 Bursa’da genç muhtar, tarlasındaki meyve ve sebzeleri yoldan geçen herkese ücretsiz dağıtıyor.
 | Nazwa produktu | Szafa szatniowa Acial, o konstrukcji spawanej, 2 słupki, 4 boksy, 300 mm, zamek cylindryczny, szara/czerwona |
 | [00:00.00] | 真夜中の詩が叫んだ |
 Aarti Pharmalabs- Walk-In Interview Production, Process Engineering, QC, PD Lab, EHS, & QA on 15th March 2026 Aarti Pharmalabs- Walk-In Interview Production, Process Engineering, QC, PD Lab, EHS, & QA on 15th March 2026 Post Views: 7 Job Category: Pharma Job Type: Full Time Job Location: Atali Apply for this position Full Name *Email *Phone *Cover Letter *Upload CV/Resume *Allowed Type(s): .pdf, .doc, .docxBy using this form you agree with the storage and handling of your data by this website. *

...

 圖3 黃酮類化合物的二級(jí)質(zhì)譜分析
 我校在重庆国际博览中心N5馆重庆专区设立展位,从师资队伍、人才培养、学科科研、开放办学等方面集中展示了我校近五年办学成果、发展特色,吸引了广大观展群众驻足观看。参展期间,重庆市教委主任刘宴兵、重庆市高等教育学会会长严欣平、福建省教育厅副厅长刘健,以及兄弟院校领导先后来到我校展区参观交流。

* * *

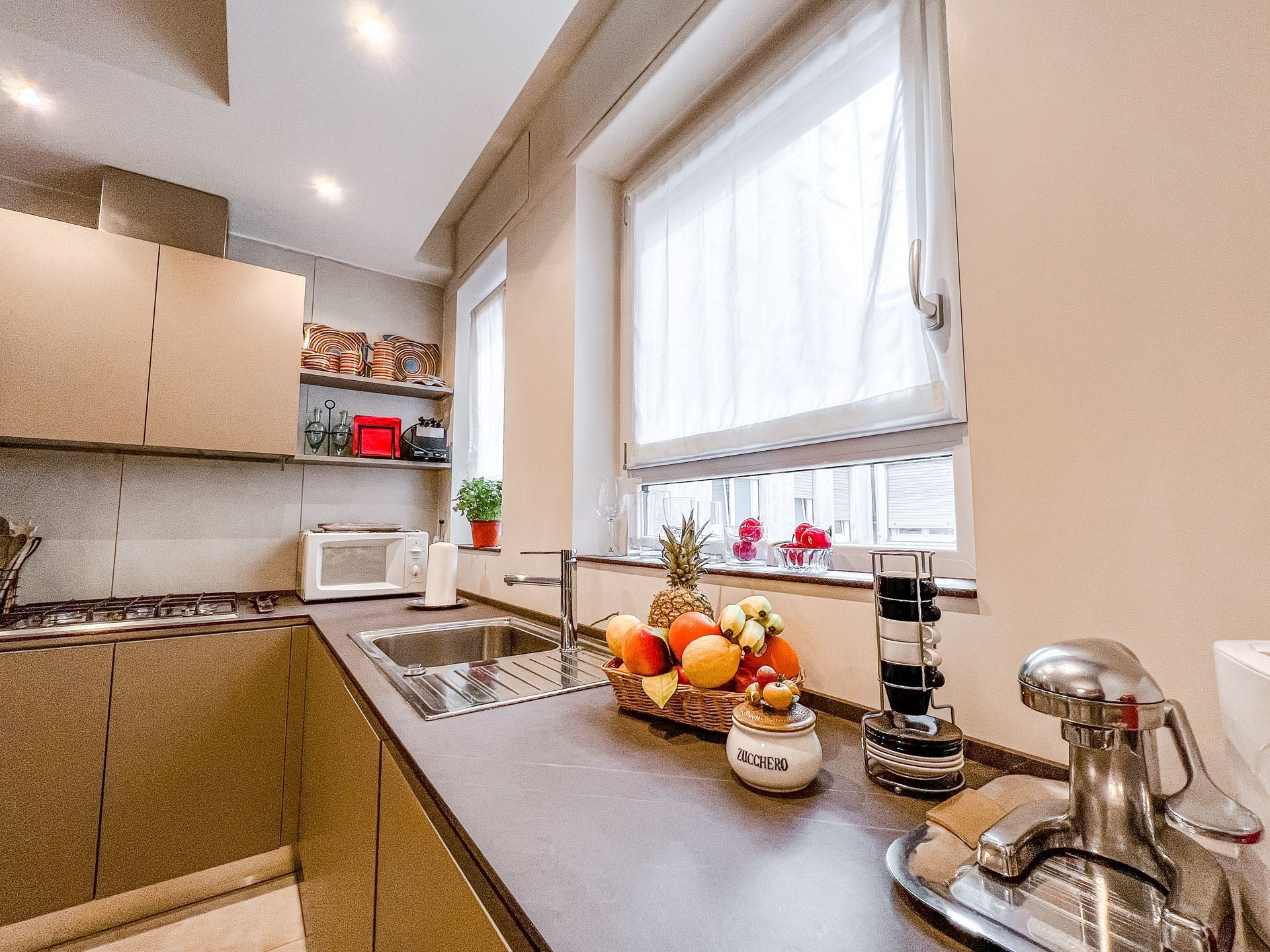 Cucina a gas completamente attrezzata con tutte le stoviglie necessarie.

Task:
Retype only this portion of the data above: the line containing "Bursa’da genç muhtar, tarlasındaki", the line containing "this website. *", and all lines between them, exactly.

Task response:
 Bursa’da genç muhtar, tarlasındaki meyve ve sebzeleri yoldan geçen herkese ücretsiz dağıtıyor.
 | Nazwa produktu | Szafa szatniowa Acial, o konstrukcji spawanej, 2 słupki, 4 boksy, 300 mm, zamek cylindryczny, szara/czerwona |
 | [00:00.00] | 真夜中の詩が叫んだ |
 Aarti Pharmalabs- Walk-In Interview Production, Process Engineering, QC, PD Lab, EHS, & QA on 15th March 2026 Aarti Pharmalabs- Walk-In Interview Production, Process Engineering, QC, PD Lab, EHS, & QA on 15th March 2026 Post Views: 7 Job Category: Pharma Job Type: Full Time Job Location: Atali Apply for this position Full Name *Email *Phone *Cover Letter *Upload CV/Resume *Allowed Type(s): .pdf, .doc, .docxBy using this form you agree with the storage and handling of your data by this website. *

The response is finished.